More states seem to be jumping on the bandwagon to address the issues surrounding joint employer liability which were raised to a new level by the Labor Relations Board’s Browning Ferris decision earlier this year. Michigan has joined, as of today, and Virginia and Wisconsin may join other states, including Texas, Tennessee and Louisiana, which have already passed legislation aimed at protecting franchisors from being considered a joint employer with their franchisees. Below is a summary of the legislation.
In Michigan, SB 492 and SB 493 were introduced in the House and the Senate in November. They both limit a franchisor’s liability to the franchisee in the employment context. Both bills were passed and signed by the Governor and will become effective today. This legislation effects many statutes including those dealing with franchise investment, worker’s compensation, employment and wages. The language of the bills reads as follows “To the extent allocation of employer responsibilities between the franchisor and franchisee is permitted by law, the franchisee shall be considered the sole employer of workers for whom it provides a benefit plan or pays wages except as otherwise specifically provided in the Franchise Agreement.”

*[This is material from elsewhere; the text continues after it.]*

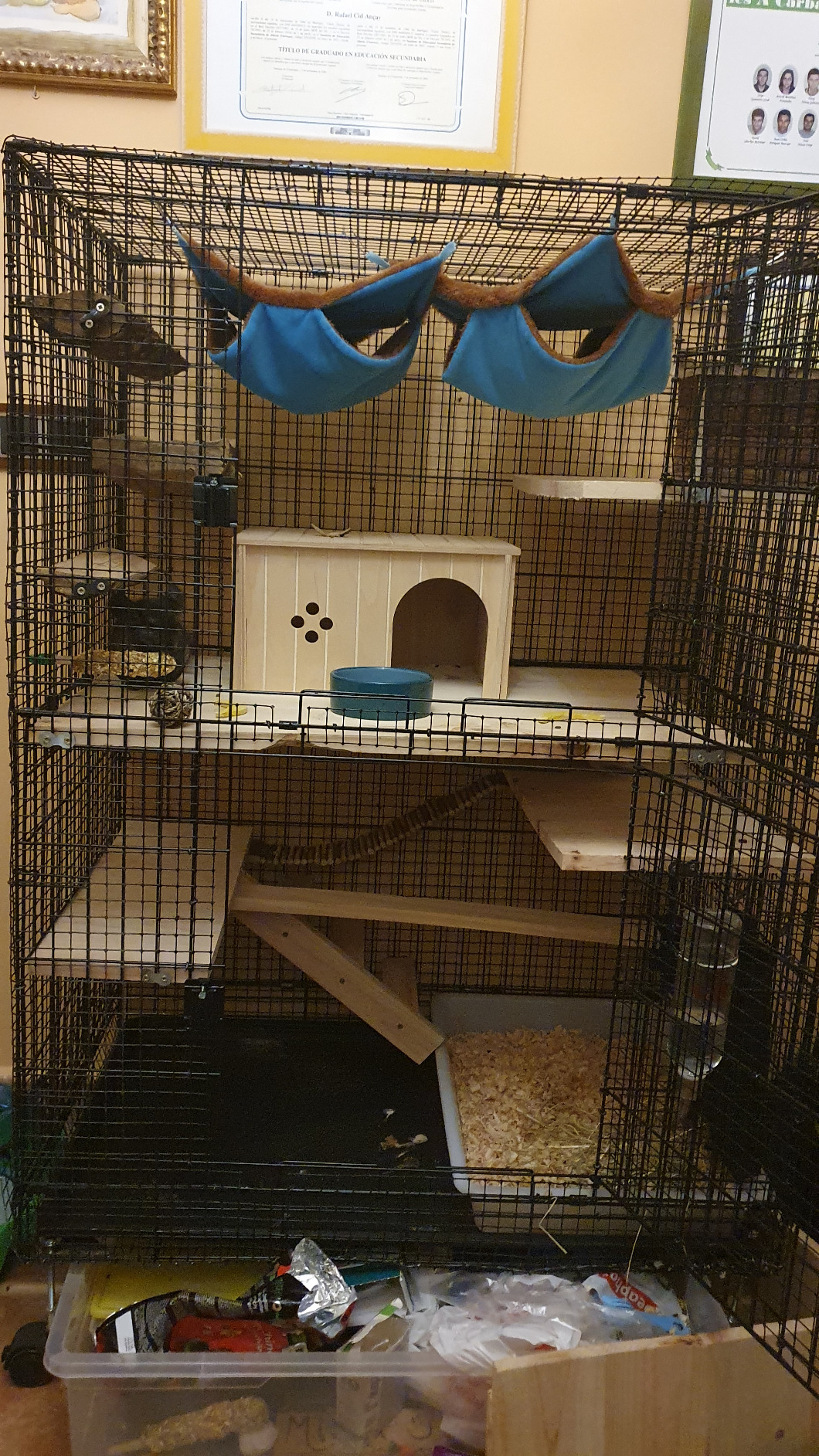 La jaula est buena, luce bien, de muy buen tamao. El problema es que los barrotes estn demasiado separados para el tamao de una chinchilla (an adulta) y tuve que forrarla por completo de malla de acero. An as, por el precio me pareci buen producto. Quiz para un conejo trepador. En los niveles pude elaborar escalones de madera y un puente colfante.

Virginia House Bill No. 18 proposes to add language to the definition of “employee” in section 40.1-2 of the Virginia Code to clarify that a franchisee’s employee shall not also be considered the employee of a franchisor. The proposed additional language is: “Notwithstanding any voluntary agreement entered into between the U.S. Department of Labor and a franchisee, neither a franchisee or a franchisee’s employee shall be deemed to be an employee of the franchisee’s franchisor for any purpose.” This has been referred to the Committee on Commerce and Labor.
In Wisconsin, Senate Bill 422 and Assembly Bill 578 were introduced in early December. Both have been referred to committee. They follow the intent of both the Michigan and Virginia legislation in protecting the franchisor in the employment-related context by clarifying when the franchisor can be deemed an employer of their franchisee’s employees. The following language is proposed to be added to multiple statutes in Wisconsin: “…a franchisor is not considered to be an employer of a franchisee or of an employee of a franchisee, unless any of the following applies: (a) The franchisor has agreed in writing to assume that role. (b) The franchisor has been found by the department or the division to have exercised a type or degree of control over the franchisee or the franchisee’s employees that is not customarily exercised by a franchisor for the purpose of protecting the franchisor’s trademarks and brand.”
We will continue to track these legislative developments.